Due to the impact of menstrual cycle phase on GI symptoms [40], and female sex hormones, which can impact body fluid distribution [41], menstrual cycle phase and the use of hormonal contraceptives was recorded. Of the five female participants, three were naturally menstruating and two were combined hormonal contraceptive pill users. Naturally menstruating female participants undertook all experimental sessions outside of days 1–3 of the menstrual cycle to minimise GI symptoms which can be reported during menses influencing the GI questionnaire [4244]. Urinary ovulation tests (Ovulation Strip Tests + Strip Test Collection Cups; Fertility2Family; Glenorchy, TAS, Australia) were provided for participants and were used to identify the occurrence of ovulation for naturally menstruating females during each experimental trial. Naturally menstruating participants commenced ovulation testing on the day corresponding to their cycle length (days ~8–10 of the menstrual cycle) and continued testing daily for a maximum of 10 days or until a positive result was obtained [45]. Hormonal contraceptive users were provided with a hormonal contraceptive diary to track active hormone pill and inactive (sugar) pill usage, and withdrawal bleeding/ spotting. Oral contraceptive users underwent sessions during their active hormone phase [46,47].

Statistical analyses

Dietary intakes were analysed using a nutritional intake analysis software (Foodworks Version 10; Xyris Pty Ltd; Brisbane; Australia) and expressed as absolute (g) and relative values (g·kg-1 BM). Macronutrient and energy (kilojoules (kJ)) intake were also compared between each of the four treatments. Data normality was analysed by visually examining a quantile-quantile plot. To compare dietary intake across varied treatments, a one-way analysis of variance (ANOVA) was conducted using Jamovi software (Version 2.5; Jamovi; Sydney, Australia). A two-way repeated measures ANOVA (treatment x time) was conducted using Jamovi to compare outcome measures between treatments for measures of hydration (ΔPV, USG, accumulated fluid volume, Ucol, BM, fluid retention), and buffering capacity (blood pH and [HCO3-]). Results were reported as interaction effects and main effects for treatment and time as we have done previously [15]. When significant treatment, time, or interaction effects were detected, a Bonferroni adjustment was manually applied to the significance threshold. Specifically, the accepted alpha level for all measures of 0.050 was divided by the number of comparisons performed.

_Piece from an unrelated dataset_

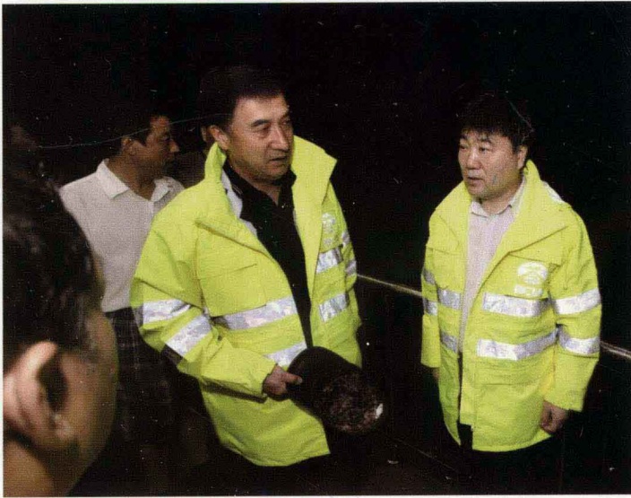
2012年7月21日，首都机场集团公司领导现场指挥防汛工作

For measures every 60 min (blood pH, [HCO3-], ΔPV), 24 pairwise comparisons were performed, yielding an adjusted alpha level of 0.0021 (0.050/24). For measures every 20 min (USG, accumulated fluid volume, Ucol, BM, fluid retention), 60 pairwise comparisons were performed, yielding an adjusted p value of 0.0008 (0.050/60). For each GI symptom, the total point scores for severity were summed across all data collection time points and analysed using a Friedman’s two-way ANOVA by ranks test with a Bonferroni post hoc pairwise comparison in SPSS Statistics (Version 29; IBM Corporation, NY, USA) [48].

Results

Participant characteristics and dietary standardisation

There were no significant differences between treatments in dietary Na+ (g, g·kg-1 BM), energy intake (kJ), macronutrient intake (carbohydrate, protein and fat; g, g·kg-1 BM) or total water intake (mL, mL·kg-1 BM) the day prior to experimental trials (p > 0.050) (Table 1).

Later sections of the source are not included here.